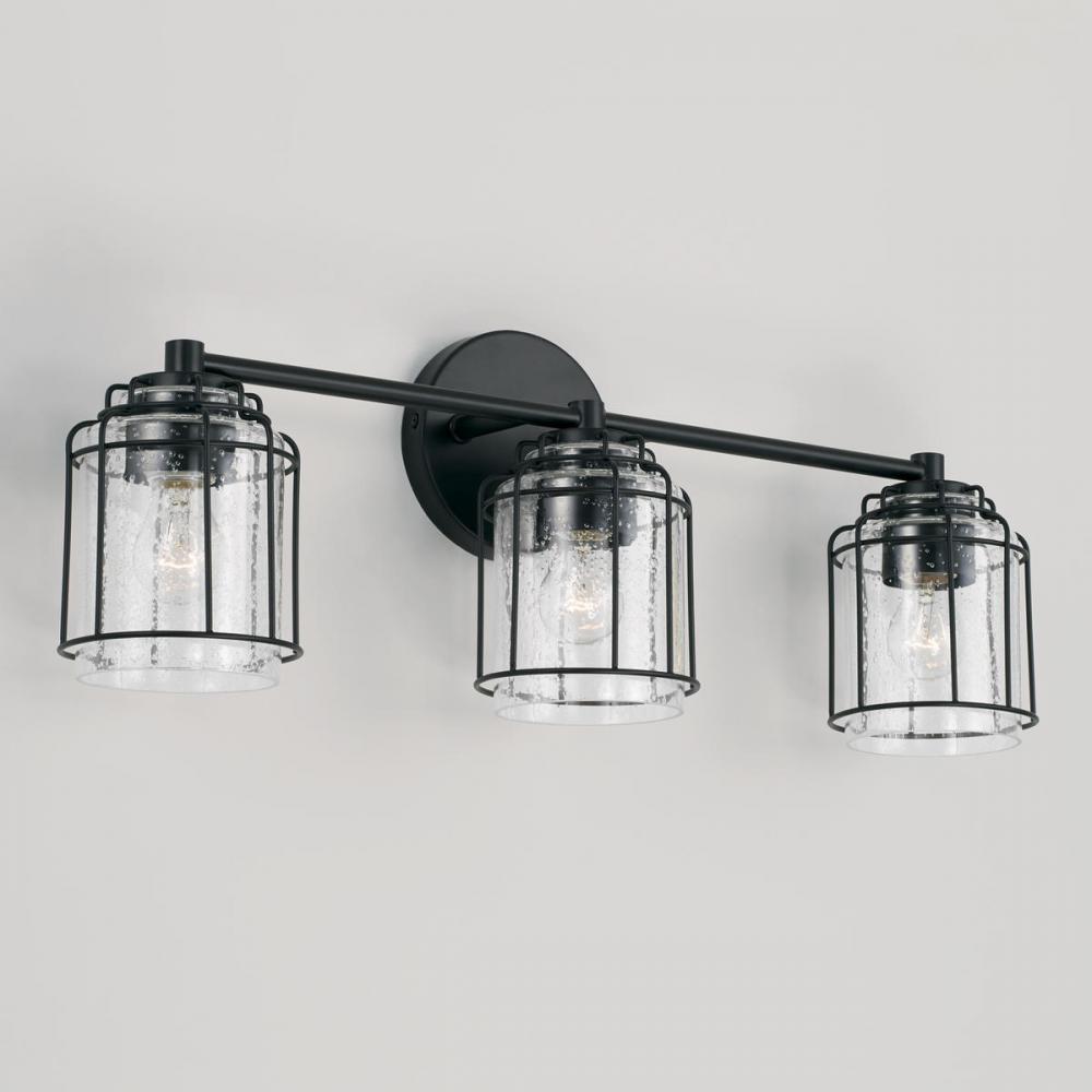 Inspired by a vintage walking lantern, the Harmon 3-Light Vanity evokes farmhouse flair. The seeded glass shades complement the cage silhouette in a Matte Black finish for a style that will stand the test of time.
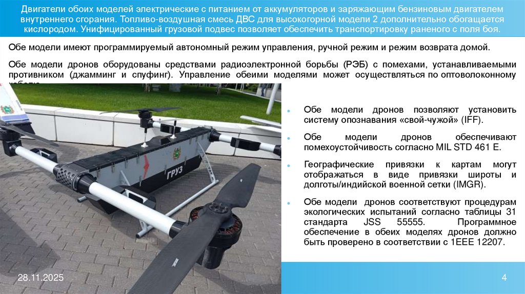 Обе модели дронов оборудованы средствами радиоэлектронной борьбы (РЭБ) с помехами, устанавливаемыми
* * *
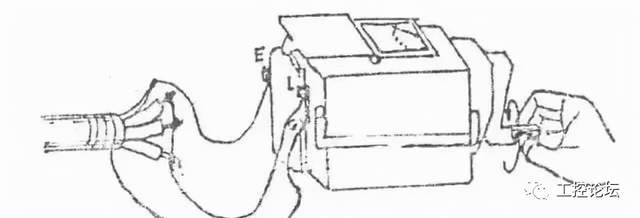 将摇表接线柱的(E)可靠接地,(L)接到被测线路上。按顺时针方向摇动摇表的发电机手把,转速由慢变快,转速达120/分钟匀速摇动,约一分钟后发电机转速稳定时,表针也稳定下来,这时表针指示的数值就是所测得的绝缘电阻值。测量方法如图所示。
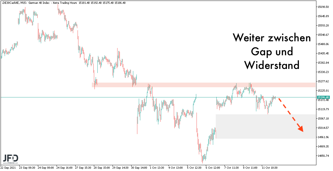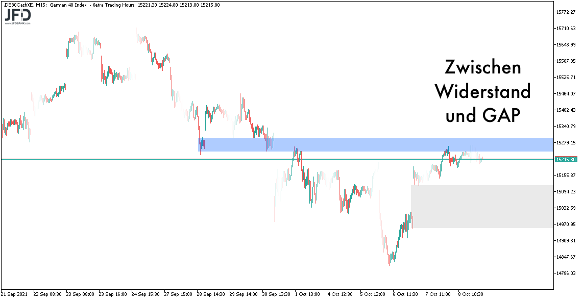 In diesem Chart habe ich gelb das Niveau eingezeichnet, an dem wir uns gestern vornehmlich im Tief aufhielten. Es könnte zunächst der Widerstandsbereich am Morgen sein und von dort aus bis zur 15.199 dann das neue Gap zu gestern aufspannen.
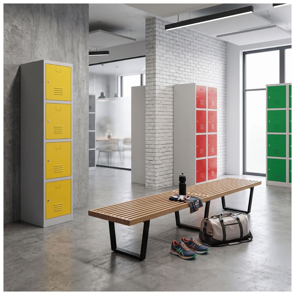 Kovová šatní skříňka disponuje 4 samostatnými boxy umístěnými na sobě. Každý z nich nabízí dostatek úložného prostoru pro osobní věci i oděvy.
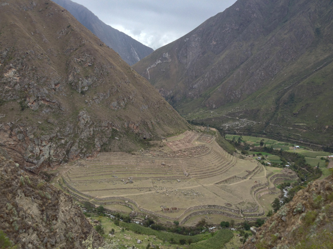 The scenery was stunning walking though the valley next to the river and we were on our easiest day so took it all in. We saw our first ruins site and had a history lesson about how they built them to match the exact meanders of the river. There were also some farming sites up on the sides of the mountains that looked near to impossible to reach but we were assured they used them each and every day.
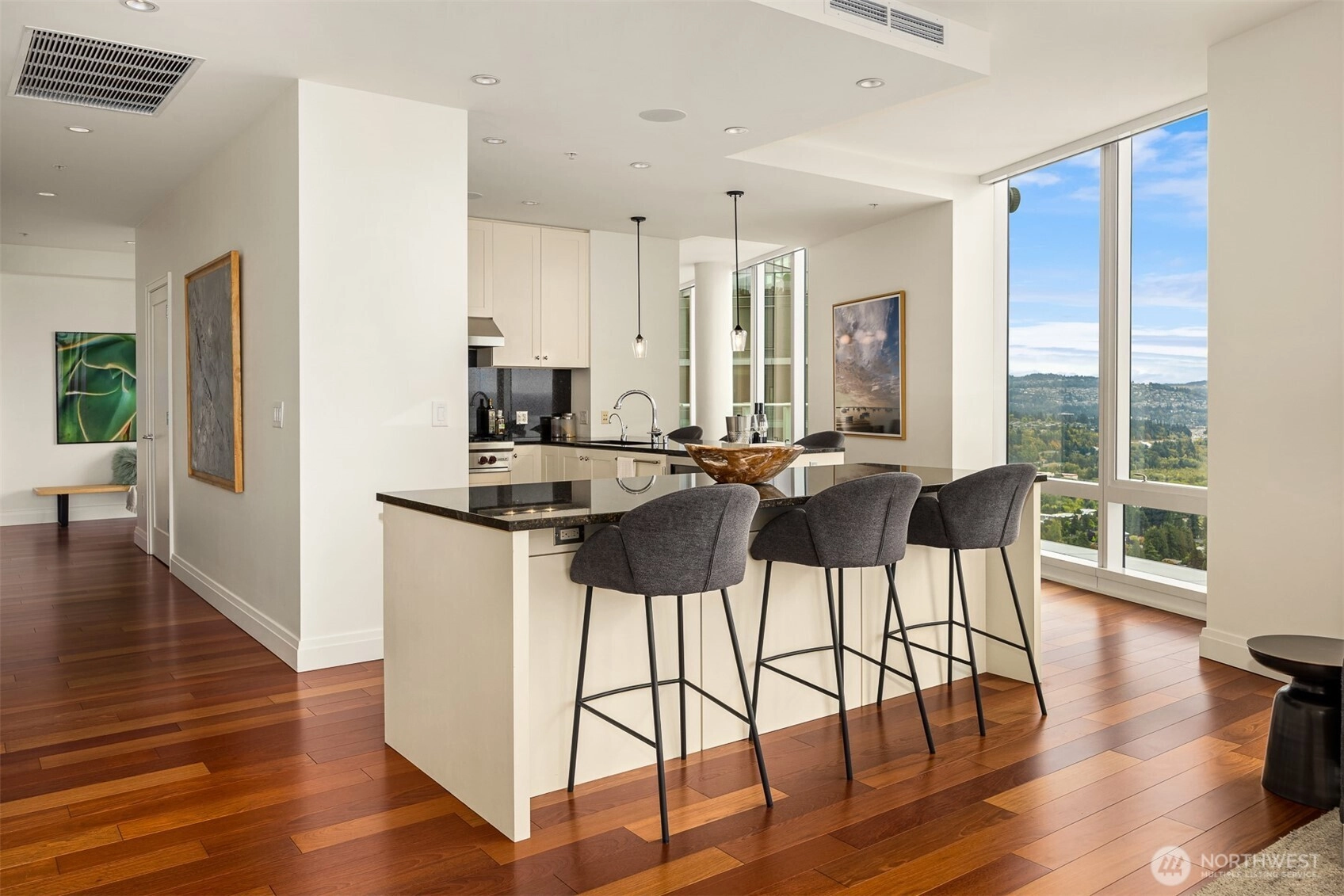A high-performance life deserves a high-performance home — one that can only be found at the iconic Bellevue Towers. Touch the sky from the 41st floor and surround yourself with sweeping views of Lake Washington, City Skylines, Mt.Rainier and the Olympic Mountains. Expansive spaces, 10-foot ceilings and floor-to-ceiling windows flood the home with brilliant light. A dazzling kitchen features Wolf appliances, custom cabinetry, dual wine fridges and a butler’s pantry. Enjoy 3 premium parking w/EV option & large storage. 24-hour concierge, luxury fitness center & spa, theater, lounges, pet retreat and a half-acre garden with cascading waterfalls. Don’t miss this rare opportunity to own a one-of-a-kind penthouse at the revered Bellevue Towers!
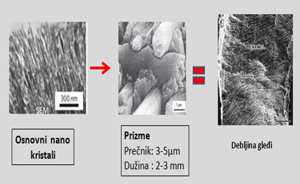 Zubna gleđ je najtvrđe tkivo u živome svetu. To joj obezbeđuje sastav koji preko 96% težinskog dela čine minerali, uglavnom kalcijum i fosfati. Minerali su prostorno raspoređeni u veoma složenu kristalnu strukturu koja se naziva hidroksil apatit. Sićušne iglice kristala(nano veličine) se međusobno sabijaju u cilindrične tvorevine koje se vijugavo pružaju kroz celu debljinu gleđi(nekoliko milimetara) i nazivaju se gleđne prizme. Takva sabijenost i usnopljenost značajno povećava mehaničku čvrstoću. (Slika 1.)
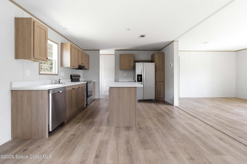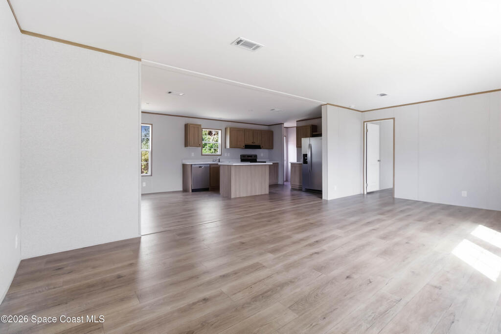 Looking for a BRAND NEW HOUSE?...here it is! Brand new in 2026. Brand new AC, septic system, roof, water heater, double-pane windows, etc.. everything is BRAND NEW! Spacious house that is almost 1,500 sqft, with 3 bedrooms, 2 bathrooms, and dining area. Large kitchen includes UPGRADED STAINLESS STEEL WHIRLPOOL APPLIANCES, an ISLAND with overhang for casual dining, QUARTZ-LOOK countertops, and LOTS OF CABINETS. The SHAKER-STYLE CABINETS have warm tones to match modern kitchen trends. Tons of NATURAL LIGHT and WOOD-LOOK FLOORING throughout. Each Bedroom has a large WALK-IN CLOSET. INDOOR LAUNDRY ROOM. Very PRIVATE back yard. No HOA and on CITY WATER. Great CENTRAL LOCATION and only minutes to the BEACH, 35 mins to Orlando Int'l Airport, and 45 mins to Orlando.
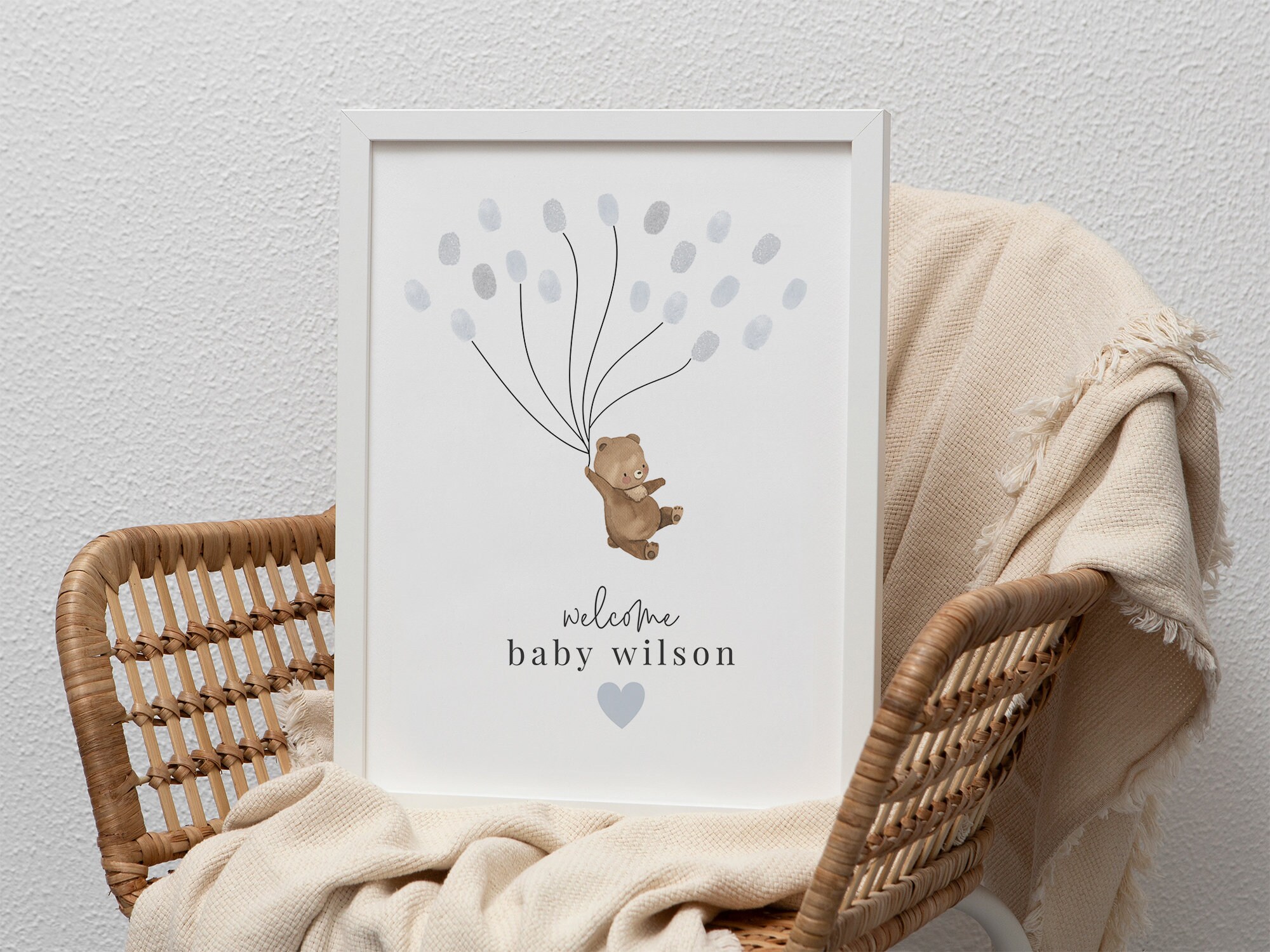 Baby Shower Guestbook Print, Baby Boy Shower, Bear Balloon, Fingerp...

▸ AIM OF THE EXERCISE: When you reach the line containing "Kovová šatní skříňka" in the entries above, begin restating word for word, and stop once the line containing "The scenery was" has been given. Omit the pictures.

▸ REPLY TO THE EXERCISE:
 Kovová šatní skříňka disponuje 4 samostatnými boxy umístěnými na sobě. Každý z nich nabízí dostatek úložného prostoru pro osobní věci i oděvy.
 The scenery was stunning walking though the valley next to the river and we were on our easiest day so took it all in. We saw our first ruins site and had a history lesson about how they built them to match the exact meanders of the river. There were also some farming sites up on the sides of the mountains that looked near to impossible to reach but we were assured they used them each and every day.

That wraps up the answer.